Because of growth in the archdiocese and the limitations of its downtown location, it was decided that Holy Family Cathedral was no longer a practical location for many liturgical functions of the archdiocese. Archbishop Roger Schwietz, OMI petitioned the Holy See in 2013 to have Our Lady of Guadalupe Church named a co-cathedral and Holy Family maintained as the historic cathedral. In October 2014 the petition was approved. On the feast of Our Lady of Guadalupe, December 12, 2014, the parish church was elevated to a cathedral. Archbishop Schwietz presided at the liturgy that was also attended by Archbishop Carlo Maria Viganò, the Apostolic Nuncio to the United States, Archbishop Emeritus Francis Hurley, and Bishops Edward J. Burns of Juneau and Chad Zielinski of Fairbanks.
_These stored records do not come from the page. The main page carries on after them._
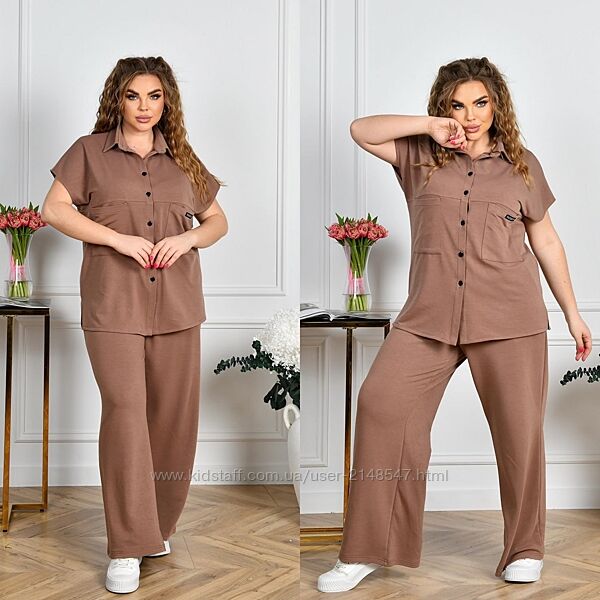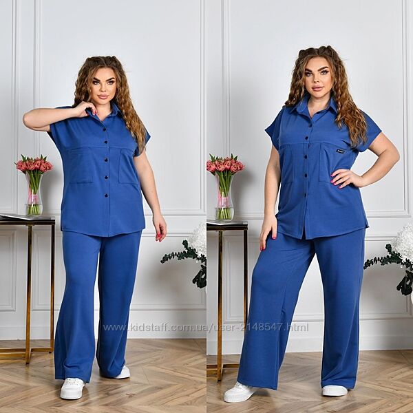 Стильний повсякденний костюм із трикотажу двонитки (розтяжність середня).Сорочка прямого силуету зі стояче-відкладним комірцем.
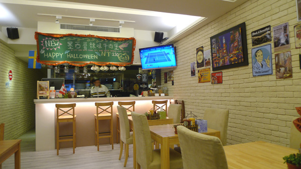 淺色木桌、布椅,小小店家有溫馨家庭風,牆上掛著很多外國照片海報,放著英文歌曲,電視播放著運動比賽的頻道,果然有美式風格。
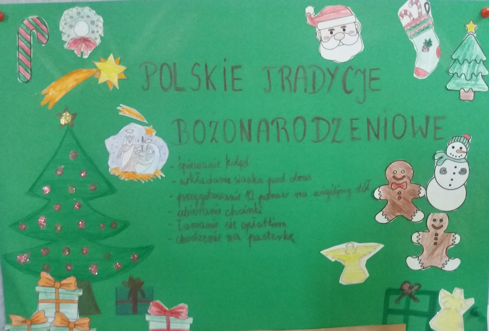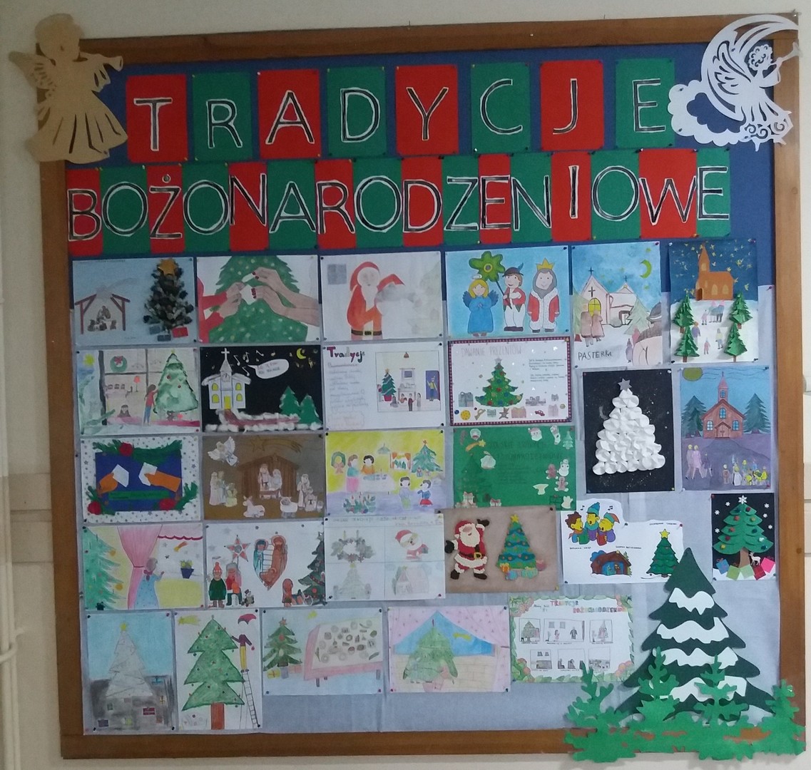 Uczniowie z klas 2-6 Sp1 wykonali piękne prace na świąteczną wystawę pt. "TRADYCJE BOŻONARODZENIOWE". Wszystkie prace możemy podziwiać na szkolnym korytarzu. Na wystawie nie zabrakło prac nawiązujących do kolędowania, dzielenia się opłatkiem, tworzenia szopek bożonarodzeniowych, Pasterki, dwunastu potraw na Wigilii, czy do obdarowywania się prezentami. Pojawił się również Święty Mikołaj, który przypomina nam o św. Mikołaju biskupie z Miry. Dziękujemy wszystkim uczniom za zaangażowanie w przygotowanie tej wystawy.
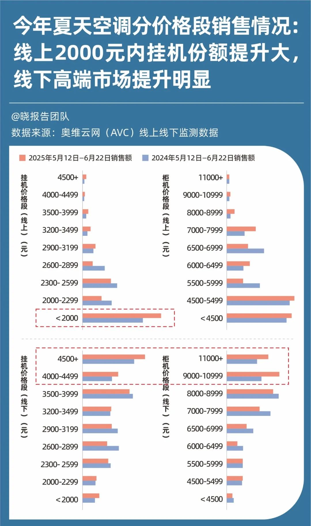 數(shù)據(jù)顯示,今年“618”期間,線下市場中,4500元以上的掛機(jī)銷售額占比從18.33%上升至22.05%;柜機(jī)在9000元以上價(jià)格段的占比也明顯上升。線上市場中,2000元以內(nèi)的掛機(jī)銷售額占比,從2024年的35.8%大幅上升至2025年的46.8%。
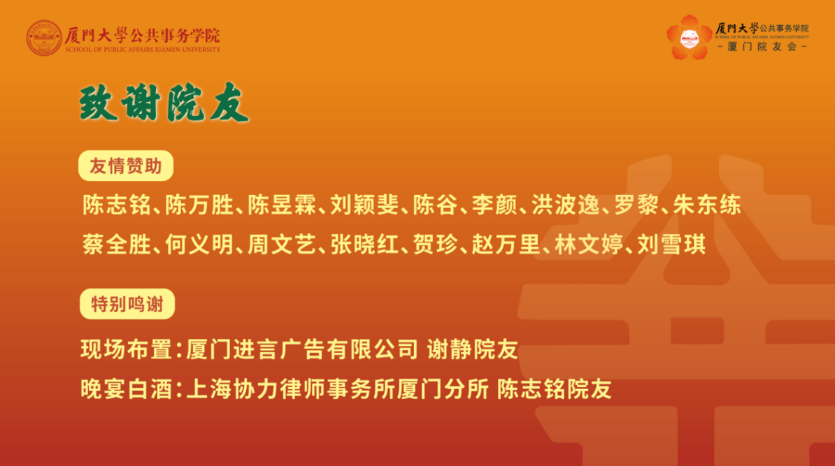 每一次的相聚都是为了下一次更好的相遇。在公共事务学院迎来建院20周年之际,厦门院友会将继续本着服务院友、凝聚院友的初心,在学院支持下举办更为丰富多彩的院友活动,努力打造院友们人生道路上最可信赖的温馨家园。

The cathedra installed in the church was the chair used by Pope John Paul II when he celebrated Mass in Anchorage in 1981. A new metropolitan cross, carved from a linden tree, was created for the co-cathedral at the time of its elevation.

In 2020, Pope Francis canonically suppressed the Archdiocese of Anchorage and the Diocese of Juneau and erected the new Archdiocese of Anchorage-Juneau with their combined territory. In a liturgy on September 17, 2020, inaugurating the new archdiocese, the Apostolic Nuncio to the United States read the Papal bull, which designated Our Lady of Guadalupe as its cathedral and the Nativity of the Blessed Virgin Mary in Juneau as its co-cathedral.